Вообще, будучи переведенной безжалостным перстом судьбы в статус людей малоимущих и слегка уже в этом статусе пооглядевшись, Женя пришла к выводу, что все бедные люди делятся на три основные категории: бедный, который злится и вожделеет, бедный, который не смеет и помышлять, и бедный, который подвел-таки под свою бедность удобную для себя философию. Однако к какой из этих категорий себя отнести, Женя так и не определила. Злиться и вожделеть как-то не хотелось. Не умела она от природы злиться по-настоящему. Думать не сметь тоже трудно было, поскольку она успела уже побывать в той сытой жизни, где и дума ют, и смеют. А философии всякие нужные отчего-то вообще мимо ее головы проскакивали. Наверное, голова у нее такая была – ни к чему не восприимчивая. Права, пожалуй, Катька, сравнивая ее с искусственным домашним растением – аукубой японской… Хотя, если по совести, уж Катьке ли об этом рассуждать? С одной стороны, оно, конечно, понятно. Юношеский максимализм и все такое прочее… А с другой стороны, трудно, что ль, увидеть, как матери нелегко сейчас плюхаться в свалившихся на голову проблемах? Вот взять и увидеть, что она, мать, не суперменша крутая, а всего лишь обыкновенная женщина, идущая в полном одиночестве против холодного жизненного ветра? Как может, так и идет. Пусть аукубой японской искусственной, но идет же! Замерзает порой, корочкой льда покрывается, но идет…
Женя тут же нарисовала в воображении саму себя, бедную, обросшую этой самой корочкой льда, и от нахлынувшей острой к себе жалости даже остановилась, будто с размаха ткнулась лбом в холодную шершавую стену. Не ударилась, а именно ткнулась. Не больно, но неприятно очень. И тут же почувствовала в голове знакомый звон. Нехороший такой, тяжелый, дергающий за сердце. Знала она прекрасно, что это за звон – от него корежится все внутри, дрожит и выворачивается наизнанку. Что ж, именно так приступ этой проклятой болезни всегда и начинается. Болезни под названием испуганное женское одиночество. И если не принять меры, можно разболеться не на шутку. Так разболеться, что себе не рада будешь. Очень, очень коварная эта болезнь. Вообще, если по справедливости, медикам следовало бы даже легализовать ее, в справочники свои занести, в учебники всякие медицинские. А что? Говорят же, например, – приступ острого аппендицита. А почему не может быть приступа острого одиночества? Еще неизвестно, что для организма опаснее! Аппендицит – это что, ножничками чик – и нет его. А с одиночеством так не обойдешься. И антибиотики от него не спасут. И как простуду его тоже не вылечишь…

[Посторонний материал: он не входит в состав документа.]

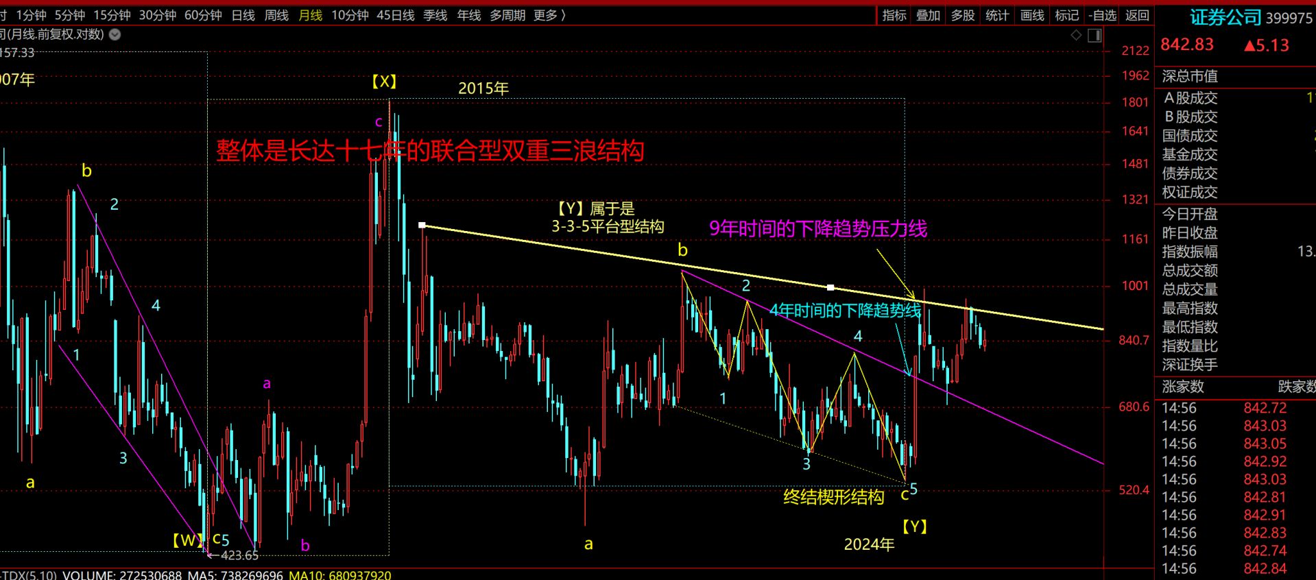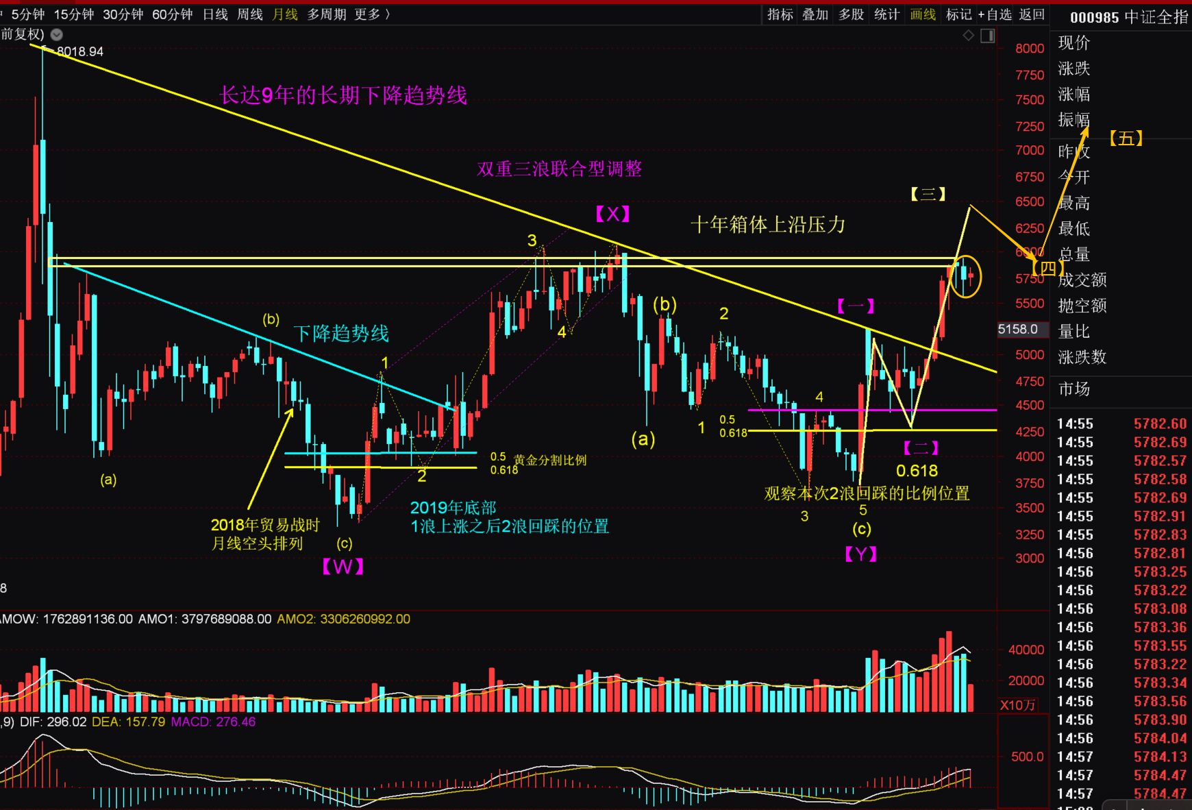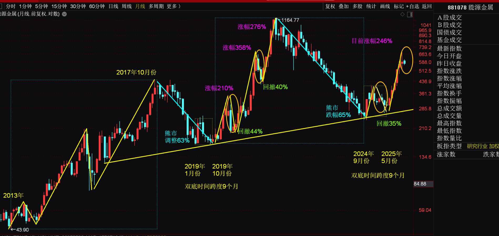 从中证全A指数月线图看,2025年10月的调整倾向是【三】-4的调整。两会之前大概率会运行在【三】-5的上行趋势中,且会创出阶段性新高,这也是首次突破图中标注的近十年的箱体上沿的压力,届时会迎来一个重要的【三】浪顶部区域,建议等完成该目标结构之后需要非常谨慎的控制仓位,因为中证全A指数2026年上半年很有可能会在月线上出现九转序列的高9信号,会进入长达几个月的大【四】浪调整走势,最后在下半年进入大【五】浪冲顶,这是2026年股市整体走势的猜想。

Она зажмурилась в панике на секунду, потом резко повертела головой, будто пытаясь таким простым способом вытряхнуть из нее нехороший звон. Снова открыла глаза, огляделась дико, словно удивляясь тому обстоятельству, как же ее занесло в эту празднично-озабоченную толпу с ее звуками и запахами, с музыкой магазинчиков, с блескучими излишествами развешанной повсюду новогодней дребедени. И вновь ощутила, как оно стоит рядом, проклятое ее одиночество. Главное, коварно так подкралось, прямо в толпе… Кто-то толкнул ее в плечо, быстро проходя мимо, потом весело извинился, обдав ароматом клубничной жвачки. Скользнул с плеча и сполз на локоть ремень сумочки, кто-то пребольно наступил на ногу…
Вдруг она ощутила, как резко засосало под ложечкой и свело голодным спазмом желудок. О, спасение! И главное, вовремя как! А еще говорят – нельзя плохое настроение заедать. Да ерунда! Еще как можно! Если организм диктует – заесть, значит, и надо заесть немедленно!
Оглядевшись, Женя быстро направилась в сторону небольшого кафе, откуда доносились вполне приличные съестные запахи. И правда есть хочется. Она ж выскочила из дому, даже чашки кофе не выпив! И по магазину этому огромному уже три часа бродит… Правда, так и не купила еще ничего. Ну и ладно. Сейчас вот поест, потом пойдет купит тот свитерок симпатичный, что для Катьки присмотрела, потом Максу новый мобильник… Кстати, надо ему еще и полный комплект белья прикупить. Трусов да маек. Она уж и не помнит, когда его мальчишеский интимный гардеробчик последний раз обновляла – все как-то руки не доходили. Вернее, материальные возможности. А надо! Все-таки в люди мальчишка едет. Пусть все новое будет, чтоб комплексами не мучился…
Отстояв с такими хорошими и полезными мыслями небольшую очередь, Женя водрузила на веселенький ромашковый подносик тарелку с бифштексом и жареной картошкой, рядом пристроила кофе с пирожным и развернулась от стойки, шаря глазами по столикам в поисках свободного местечка.
Свободного местечка как раз для нее и не оказалось. Ни одного. Дурацкая совершенно ситуация – стоять с подносом на виду у жующих людей. Они сидят и никуда в общем-то не торопятся, а ты стой рядом с растерянным и жалким лицом…
– Женя! Женя, идите сюда! – откуда-то сбоку услышала она смутно знакомый голос. Повернулась на него радостно вместе с подносом и чуть не уронила на себя все съестное хозяйство, узнав в идущем к ней навстречу мужчине вчерашнего милиционера Диму. – Ну, чего вы меня так испугались, Женя? – спросил он, подходя и забирая из ее рук поднос. – Пойдемте, с нами вместе сядете. Не стоять же вам теперь, слюной истекая. Правда, у нас столик двухместный, но я сейчас третий стул принесу. В тесноте, да не в обиде…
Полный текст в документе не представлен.